My Lords, we intend to engage fully with all interested parties on this matter but it is early days. The noble Baroness quite rightly raises the specialist expertise available to the HFEA. We fully recognise that. We are very keen that the expertise is not lost but is made available to the CQC or to the new research regulator, if we set up one. I understand that, where a function of one organisation transfers to another organisation, it is customary for the relevant staff to transfer as well. I emphasise that matters are at a very early stage.

My Lords, given the special ethical status of the early embryo, does the Minister agree that the integrated function of the HFEA, whereby the licensing of the clinics, the licensing of research and the extensive database are held together, minimises the risk of unfortunate incidents? If the HFEA is dismembered, the likelihood of such unfortunate incidents is likely to increase.
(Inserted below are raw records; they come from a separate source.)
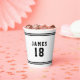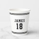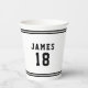 Stylish varsity style paper cups featuring your name number with fully editable colours. Font colours can be change by clicking on customise, select the texts in the "Auto Warping, Front" and "Auto Warping, Back" layers and change its colour . Stripes colour can be changed by clicking on customise and changing the colour of "line" in the "Auto Warping, Wrap" layer and background colour can also be changed on the same layer. They make the perfect paper cups for birthdays, graduation or celebrating your athlete's achievement.
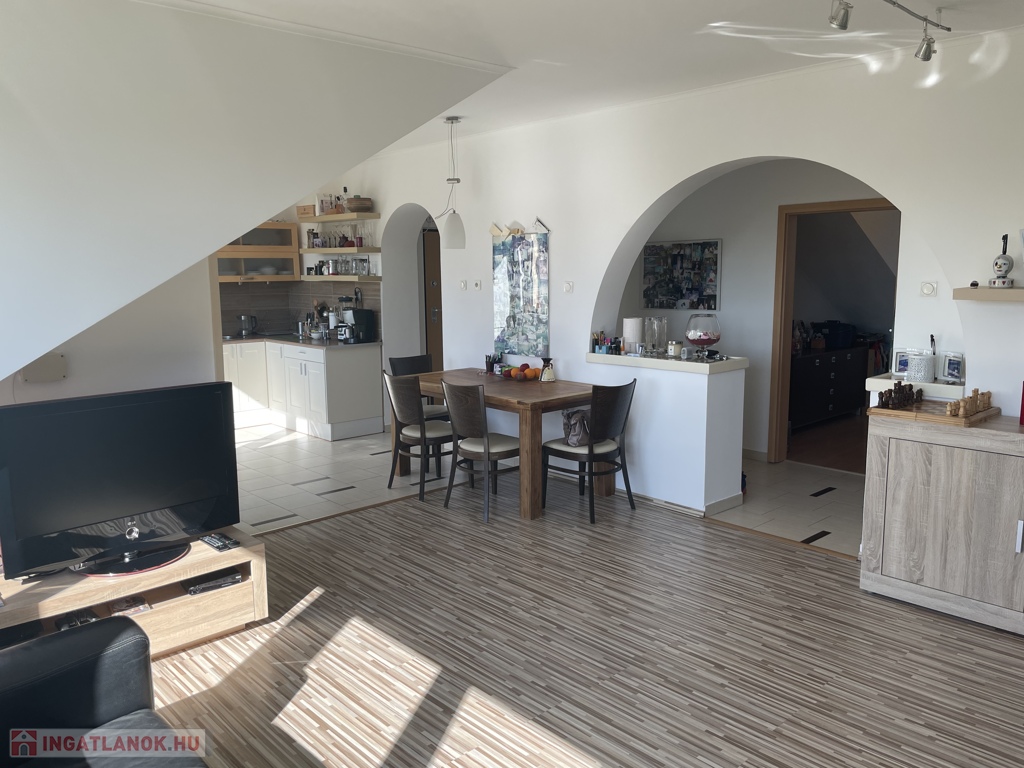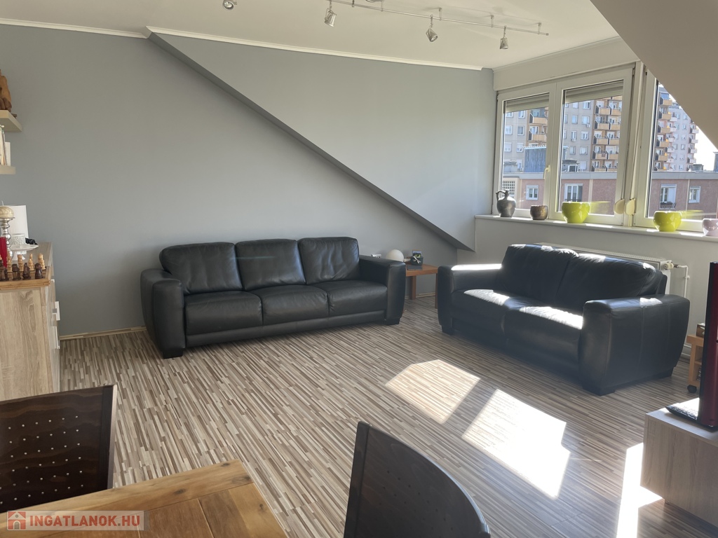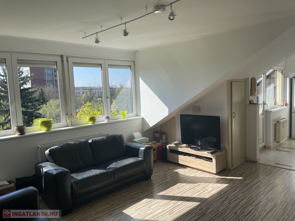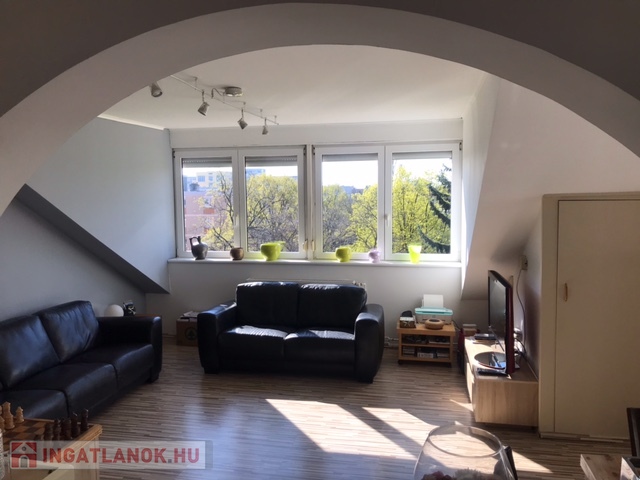 Belvárosban az Erkel ker szélén eladó egy bruttó 76 m2, hasznos 57 m2-el, egy egész és egy fél szobával, világos és tágas nagy nappalival rendelkező tetőtéri lakás!
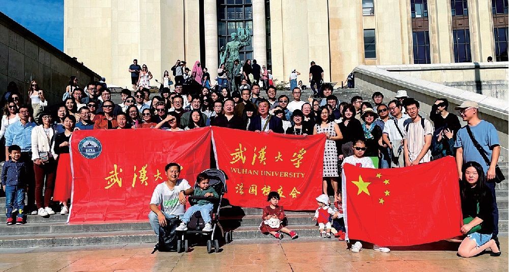 80余名在法的武汉大学校友手持五星红旗、武汉大学校旗、武汉大学法国校友会会旗,振臂高呼:“祝祖国生日快乐!祝母校生日快乐!”
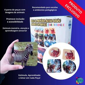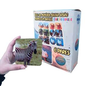 Desenvolva habilidades cognitivas e sensoriais com o Jogo Educacional Braille para Crianças com Baixa Visão 6 Pares, ideal para crianças e adultos com baixa visão. Este jogo da memória exclusivo combina imagens nítidas de animais com a escrita em Braille, facilitando a aprendizagem tátil e visual de forma lúdica e inclusiva. Estimule a memória, a concentração e o vocabulário enquanto promove a inclusão social. Um recurso essencial para educadores e famílias que buscam educação acessível e divertida.
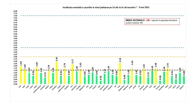 De asemenea, 29 de judeţe se află în zona verde (sub 1,5 cazuri la mia de locuitori), cele mai mici rate de infectare cu SARS-CoV-2 înregistrându-se în Suceava – 0,38, Gorj – 0,36 şi Maramureş – 0,46.
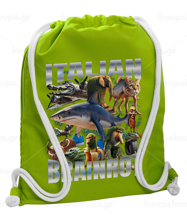Italian Brainrot, Τσάντα πλάτης πουγκί GYMBAG LIME GREEN, με τσέπη (40x48cm) & χονδρά κορδόνια
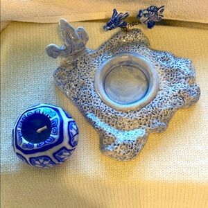 The image shows a handmade ceramic candle holder. It features a central, removable candle holder section with blue and white patterns, resembling traditional Chinese porcelain designs. This section sits atop a textured, irregular base, also in blue and white, seascape scene. The base includes two fish attached by springs, giving the impression of constant movement, and a coral shape on one side. This piece is impressive not only to collectors but sea and fish enthusiast alike.

My Lords, I recognise, as will the House, the noble and right reverend Lord’s experience in these matters. At this early stage, we will look very carefully at the design of systems to ensure that the expertise and the scrutiny functions, which we associate so well with the HFEA, are not diluted or lost in any moves that we make in this area.

My Lords, I declare my interest as chair of the Human Tissue Authority. Just as with the HFEA, the HTA works efficiently and effectively to ensure public and professional confidence in the regulation of human tissue, and to ensure that it is used safely and ethically and with proper consent. Does the Minister agree that it is crucial in any transfer of functions that the confidence of both the public and professionals is maintained; that consent, respect and dignity are maintained; and that any disruption to well-regarded regulation is kept to a minimum?

My Lords, again, I thank the noble Baroness for the work that she does with the HTA. The answer is yes in every case.

My Lords, in his Answer, my noble friend referred to an arm’s-length body. What does that look like?

My Lords, my noble friend will be pleased to learn that it is a sort of portmanteau term that can apply to a quango, a non-departmental public body, an advisory committee and bodies of that ilk.